* **WORK ORDER**
Below, locate the line that contains "九州産交のノンステップバス塗装は水色をベースにしたカラフルでファンシーな独自". Repeat exactly from that line to the line that contains "74014824 old postcard", inclusive, leaving out the pictures.
** Opening SOURCE INFORMATION block **
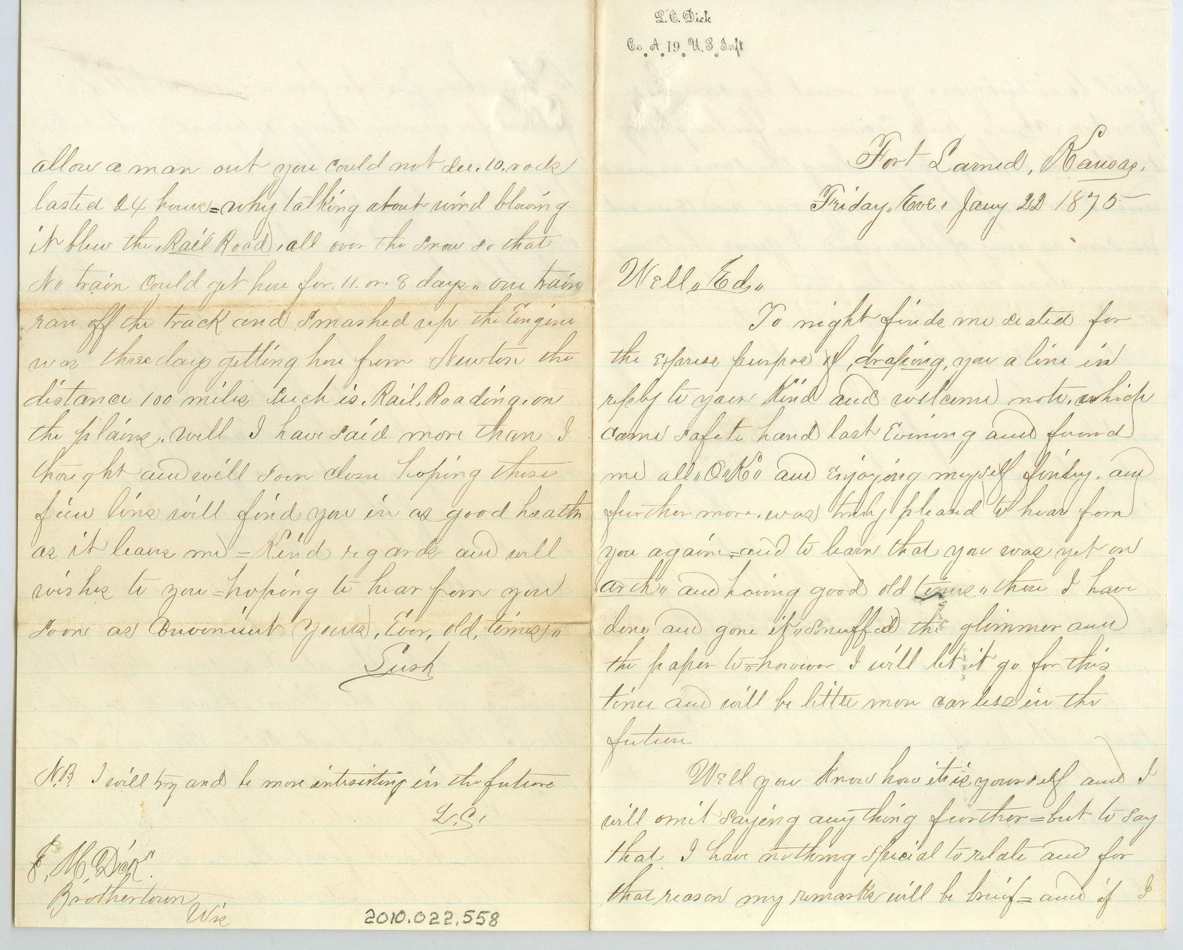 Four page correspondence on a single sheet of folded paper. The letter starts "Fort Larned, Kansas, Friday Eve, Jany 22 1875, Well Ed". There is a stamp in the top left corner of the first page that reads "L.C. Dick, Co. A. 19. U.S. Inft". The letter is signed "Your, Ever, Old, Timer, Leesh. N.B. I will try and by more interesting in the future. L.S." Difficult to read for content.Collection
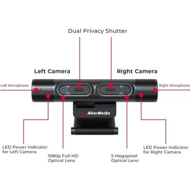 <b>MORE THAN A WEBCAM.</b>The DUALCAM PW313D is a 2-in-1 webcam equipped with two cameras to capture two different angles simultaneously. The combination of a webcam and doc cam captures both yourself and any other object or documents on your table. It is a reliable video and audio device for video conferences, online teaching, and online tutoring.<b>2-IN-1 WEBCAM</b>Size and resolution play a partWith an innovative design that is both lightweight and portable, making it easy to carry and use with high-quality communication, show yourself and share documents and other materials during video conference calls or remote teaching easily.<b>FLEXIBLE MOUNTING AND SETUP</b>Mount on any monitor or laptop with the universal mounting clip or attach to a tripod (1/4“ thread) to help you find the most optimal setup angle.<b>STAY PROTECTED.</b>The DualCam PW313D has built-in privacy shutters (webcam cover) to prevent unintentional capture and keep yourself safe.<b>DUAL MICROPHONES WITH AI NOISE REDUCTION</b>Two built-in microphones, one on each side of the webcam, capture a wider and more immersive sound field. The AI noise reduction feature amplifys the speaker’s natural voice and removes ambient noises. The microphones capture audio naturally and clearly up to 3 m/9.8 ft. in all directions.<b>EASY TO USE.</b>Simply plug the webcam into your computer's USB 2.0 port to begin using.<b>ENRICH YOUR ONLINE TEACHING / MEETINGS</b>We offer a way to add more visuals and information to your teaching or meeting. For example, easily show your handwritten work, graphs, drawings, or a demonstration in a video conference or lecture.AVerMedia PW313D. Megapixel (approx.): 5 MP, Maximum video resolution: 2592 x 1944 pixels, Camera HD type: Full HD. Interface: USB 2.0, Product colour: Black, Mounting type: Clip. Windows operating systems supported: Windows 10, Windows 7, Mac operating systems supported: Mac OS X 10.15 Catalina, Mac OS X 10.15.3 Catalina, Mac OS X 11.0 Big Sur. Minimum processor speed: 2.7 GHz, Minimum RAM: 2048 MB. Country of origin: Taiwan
** Closing SOURCE INFORMATION block **
** Opening SOURCE INFORMATION block **
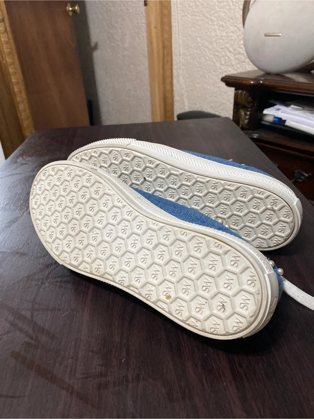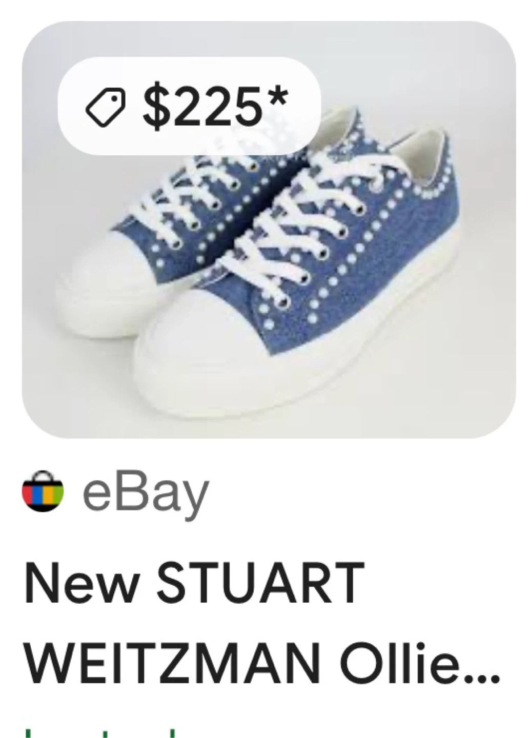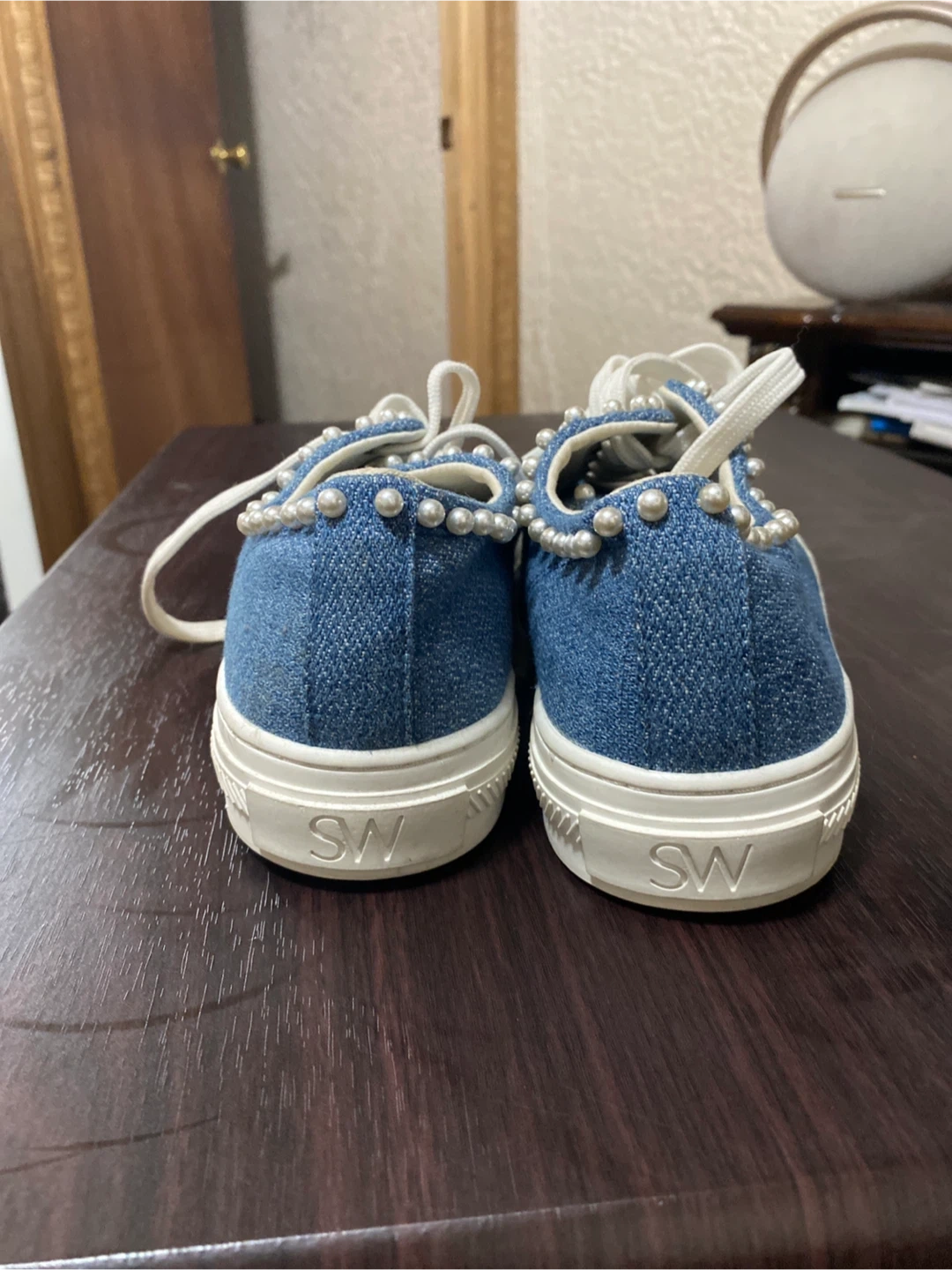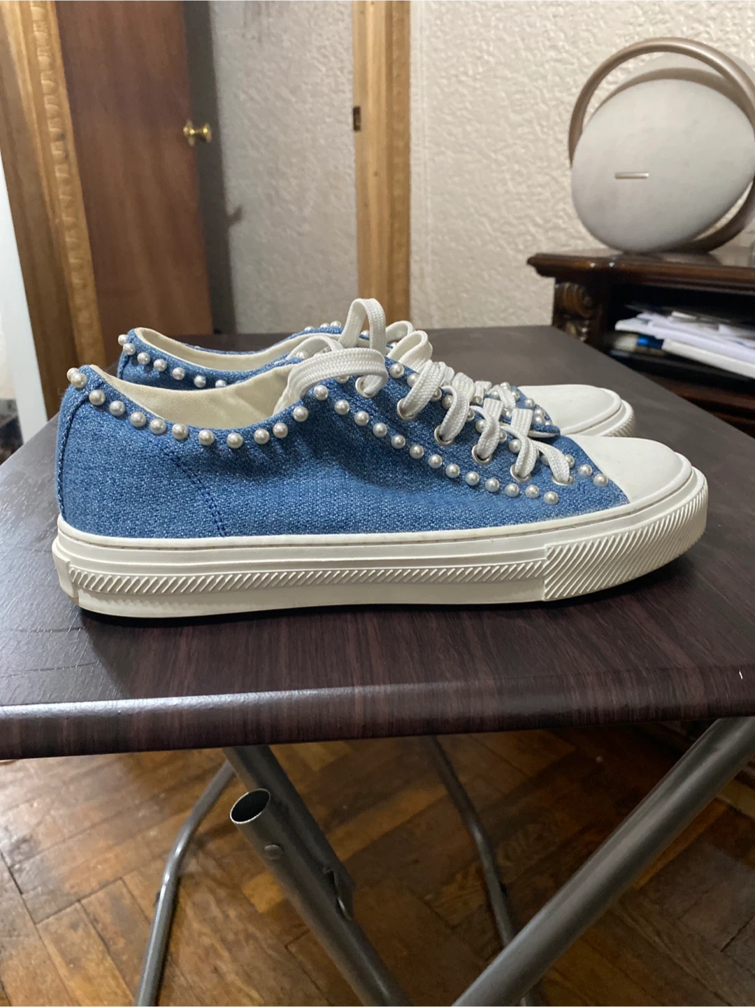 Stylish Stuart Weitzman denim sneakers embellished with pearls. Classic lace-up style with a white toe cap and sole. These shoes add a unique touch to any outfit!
** Closing SOURCE INFORMATION block **
** Opening SOURCE INFORMATION block **
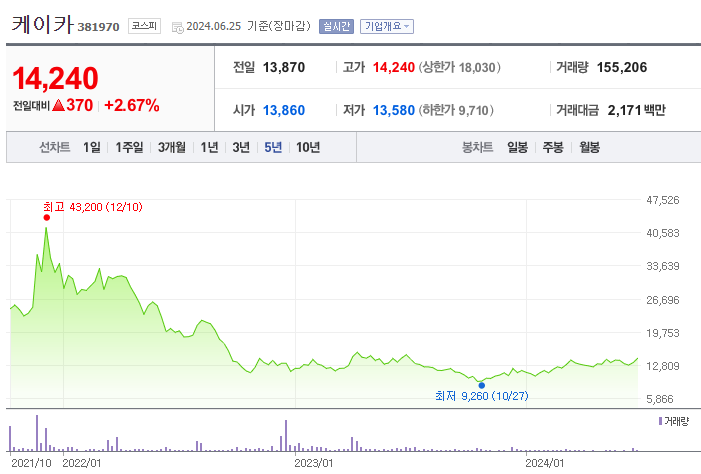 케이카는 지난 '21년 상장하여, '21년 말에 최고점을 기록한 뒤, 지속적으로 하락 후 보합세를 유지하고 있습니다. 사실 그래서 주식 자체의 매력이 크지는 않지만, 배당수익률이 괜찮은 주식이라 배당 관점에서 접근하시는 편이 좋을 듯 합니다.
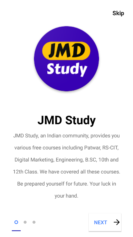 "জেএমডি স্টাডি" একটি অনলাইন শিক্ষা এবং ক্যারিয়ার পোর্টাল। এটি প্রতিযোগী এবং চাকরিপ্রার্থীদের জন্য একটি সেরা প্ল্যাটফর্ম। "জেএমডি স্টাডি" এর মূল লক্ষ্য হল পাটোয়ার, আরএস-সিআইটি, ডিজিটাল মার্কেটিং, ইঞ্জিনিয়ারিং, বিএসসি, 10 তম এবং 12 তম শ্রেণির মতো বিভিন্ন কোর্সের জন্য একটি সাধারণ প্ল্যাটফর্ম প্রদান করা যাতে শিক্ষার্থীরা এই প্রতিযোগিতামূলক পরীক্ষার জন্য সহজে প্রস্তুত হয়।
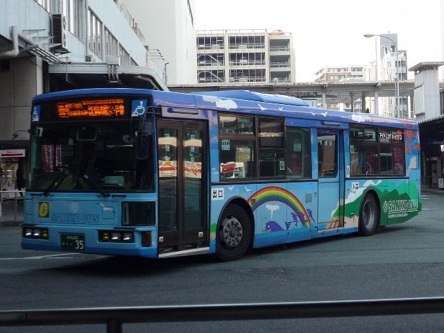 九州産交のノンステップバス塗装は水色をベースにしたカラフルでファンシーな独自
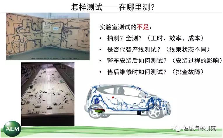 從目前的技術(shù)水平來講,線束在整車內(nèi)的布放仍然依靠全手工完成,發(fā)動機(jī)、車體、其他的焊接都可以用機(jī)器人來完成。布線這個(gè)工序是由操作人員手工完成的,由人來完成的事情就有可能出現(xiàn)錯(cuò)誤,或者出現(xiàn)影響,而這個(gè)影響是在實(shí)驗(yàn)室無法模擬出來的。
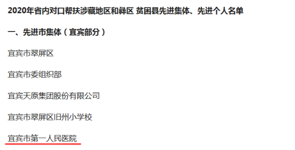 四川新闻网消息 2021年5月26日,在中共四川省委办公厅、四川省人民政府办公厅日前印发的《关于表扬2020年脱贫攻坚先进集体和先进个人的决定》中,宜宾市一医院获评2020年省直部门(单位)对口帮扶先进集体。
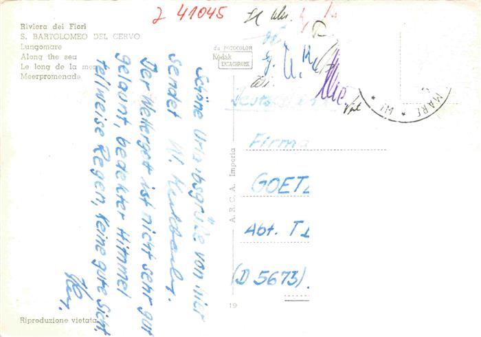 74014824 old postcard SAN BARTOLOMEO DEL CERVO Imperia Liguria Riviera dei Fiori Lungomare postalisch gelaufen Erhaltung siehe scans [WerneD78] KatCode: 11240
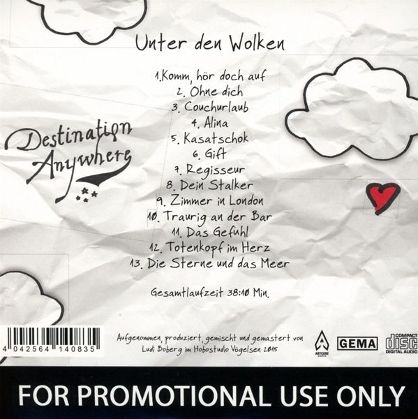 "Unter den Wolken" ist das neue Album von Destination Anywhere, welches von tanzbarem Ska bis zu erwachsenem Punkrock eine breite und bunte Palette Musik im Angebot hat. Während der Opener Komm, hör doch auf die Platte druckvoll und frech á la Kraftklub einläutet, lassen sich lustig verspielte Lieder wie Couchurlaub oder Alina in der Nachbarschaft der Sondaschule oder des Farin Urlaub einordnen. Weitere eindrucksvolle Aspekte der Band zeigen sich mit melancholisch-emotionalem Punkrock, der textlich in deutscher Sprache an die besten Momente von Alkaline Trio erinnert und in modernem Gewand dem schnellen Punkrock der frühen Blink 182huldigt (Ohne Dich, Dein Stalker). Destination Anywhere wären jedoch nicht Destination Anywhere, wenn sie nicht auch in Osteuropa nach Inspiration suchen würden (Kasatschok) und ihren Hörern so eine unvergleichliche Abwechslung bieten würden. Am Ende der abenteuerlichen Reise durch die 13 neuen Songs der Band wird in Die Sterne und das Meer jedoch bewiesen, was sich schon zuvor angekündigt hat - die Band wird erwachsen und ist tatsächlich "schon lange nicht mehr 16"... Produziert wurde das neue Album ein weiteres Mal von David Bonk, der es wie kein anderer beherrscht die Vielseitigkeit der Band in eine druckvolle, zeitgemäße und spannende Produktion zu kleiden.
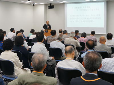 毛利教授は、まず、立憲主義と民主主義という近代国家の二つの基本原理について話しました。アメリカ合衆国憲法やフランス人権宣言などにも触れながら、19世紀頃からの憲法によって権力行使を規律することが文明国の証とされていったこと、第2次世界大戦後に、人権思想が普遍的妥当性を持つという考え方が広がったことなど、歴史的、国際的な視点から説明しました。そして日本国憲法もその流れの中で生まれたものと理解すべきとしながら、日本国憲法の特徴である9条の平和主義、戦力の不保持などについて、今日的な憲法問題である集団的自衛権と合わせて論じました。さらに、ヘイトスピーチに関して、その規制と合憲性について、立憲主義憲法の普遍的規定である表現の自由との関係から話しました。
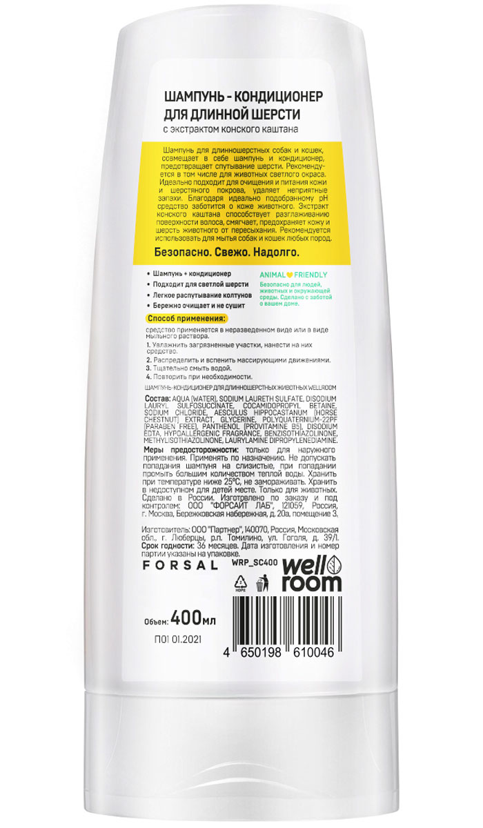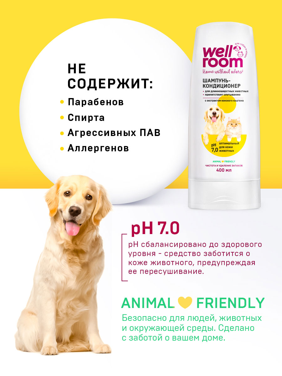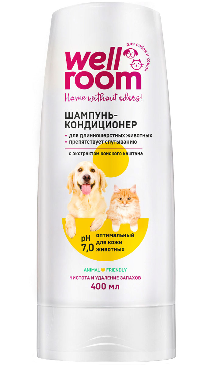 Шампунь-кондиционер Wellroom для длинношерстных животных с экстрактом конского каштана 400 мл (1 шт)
** Closing SOURCE INFORMATION block **
* **SOLVED EXERCISE**
 九州産交のノンステップバス塗装は水色をベースにしたカラフルでファンシーな独自
 從目前的技術(shù)水平來講,線束在整車內(nèi)的布放仍然依靠全手工完成,發(fā)動機(jī)、車體、其他的焊接都可以用機(jī)器人來完成。布線這個(gè)工序是由操作人員手工完成的,由人來完成的事情就有可能出現(xiàn)錯(cuò)誤,或者出現(xiàn)影響,而這個(gè)影響是在實(shí)驗(yàn)室無法模擬出來的。
 四川新闻网消息 2021年5月26日,在中共四川省委办公厅、四川省人民政府办公厅日前印发的《关于表扬2020年脱贫攻坚先进集体和先进个人的决定》中,宜宾市一医院获评2020年省直部门(单位)对口帮扶先进集体。
 74014824 old postcard SAN BARTOLOMEO DEL CERVO Imperia Liguria Riviera dei Fiori Lungomare postalisch gelaufen Erhaltung siehe scans [WerneD78] KatCode: 11240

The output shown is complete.